Schindler africano. Cosi, dopo questo film che si ispira ad una storia autentica, viene ormai definito Paul Rusesabagina, il direttore di un albergo nel Ruanda che durante lo scontro spaventoso fra Tutsi e Hutu ospitò più di mille rifugiati. Salvandoli da uno dei massacri più spaventosi di tutti i tempi, mentre gli Occidentali abbandonavano precipitosamente i luoghi.


Definizione azzeccata. Non solo perché la figura che l'attore Don Cheadle compone con grande intelligenza riafferma, come per quello del celebre film di Spielberg, l'importanza dell'energia di un individuo unico, isolato ed apparentemente impotente nei confronti della tragedia smisurata, dell'orrore totale che lo circonda. Non solo perché l'africano, cosi sensibilmente rappresentato riassume perfettamente il dramma di tutta un'epoca ed un continente: quello della fiducia tradita, nei valori di una civiltà abbracciata, condivisa e perseguita fino ed oltre l'evidenza della sua doppiezza più ignominiosa. Ma, infine, poiché riconduce agli interrogativi che ci si è posti sovente quando si è trattato di descrivere una dimensione ai confini del rappresentabile come quella del genocidio.
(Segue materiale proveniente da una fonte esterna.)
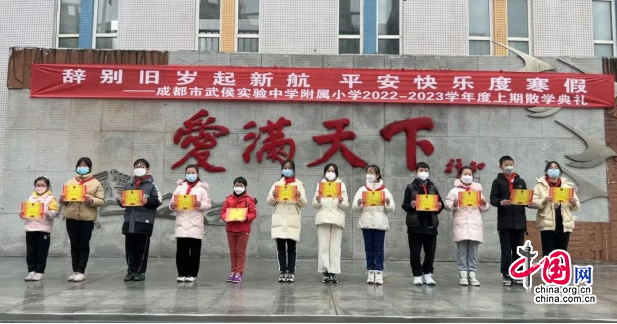 中国网1月3日讯(宋得恩)一路欢歌,送走了充实、愉快的校园时光;一心坚守,迎来了2023年的寒假生活。2022年12月30日,成都市武侯实验中学附属小学全体师生参加了“辞别旧岁起新航,平安快乐度寒假”主题散学典礼。

Documento o finzione? Lo stile di un regista come Terry George non è di quelli che si citano per evidenziare la rivoluzione della scrittura cinematografica. E qualcuno critica il film per il ritegno con il quale mette in scena l'orrore di un eccidio smisurato che provocò quasi un milione di morti. Ma il valore di HOTEL RWANDA è proprio nella sua misura, in una sceneggiatura che pur non rinuncia agli effetti melodrammatici, in una visione rigorosa che si organizza sull'unità di tempo e di luogo per ottenere una tensione ed una verità innegabili. Uno sguardo forte ed onesto, ma non privo di acume espressivo: come in quella sequenza dove lo smarrimento e la disperazione del protagonista nei confronti dei valori sui quali ha costruito la propria vita si traducono nell'impossibilità, davanti allo specchio, di annodarsi una cravatta ormai inutile.
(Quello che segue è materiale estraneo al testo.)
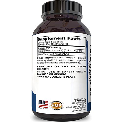 -. Brand : Opti Natural -. EAN : 0793579822240 -. Feature : ACAI BERRY - This purple berry is high in Vitamins and Minerals as well as being a strong antioxidant making it one of the greatest natural weight loss supplements / WEIGHT LOSS - Staying fit and keeping weight in balance can be challenging for many of us - luckily Acai Berry and its Pulp have been shown to be a great natural weight loss supplement / SUPPORT IMMUNE SYSTEM - Aside from being high on fiber Acai Berries are also used as Natural Detox and Cleanse encouraging good kidney and liver function and reducing toxins in the body / SKIN HEALTH - For centuries people have been taking Antioxidant rich herbs and foods to improve skin health - Acai Berry is high in Antioxidants which can have you looking and feeling great / GREAT FOR MEN & WOMEN - Acai Berry has been shown to have many Health benefits for both the body and the mind - all the ingredients in this supplement are 100% Pure and Natural -. IsAdultProduct : 0 -. Label : Opti Natural -. Manufacturer : Opti Natural -. MPN : LE -. PackageQuantity : 1 -. PartNumber : LE -. ProductGroup : Health and Beauty -. ProductTypeName : DIETARY_SUPPLEMENTS -. Publisher : Opti Natural -. Studio : Opti Natural -. Title : 100% Pure Acai Berry Extract Detox & Cleanse Weight Loss Supplement Increases Immune System Metabolism Boost Energy and Brain Function High in Antioxidants for Men and Women by Opti Natural -. UPC : 793579822240

Coproduzione internazionale poggiata su un cast egualmente cosmopolita (e Nick Nolte è grande nei panni del comandante dell'impotente distaccamento ONU) HOTEL RWANDA arrischiava di stingere in un suo tono naif, insopportabile confrontato ad un dramma smisurato. Ripiegandosi su sè stesso, rinunciando all'aspetto esteriore dell'epopea biblica per volgere uno sguardo alle motivazioni dell'intimo, al destino dell'uomo qualunque, il film finisce per porre i veri interrogativi. Sul cinismo di chi di quella tragedia ha creato le basi; per assistere poi allo spettacolo delle sue conseguenze nella consolazione offerta dal moralismo e dal fatalismo.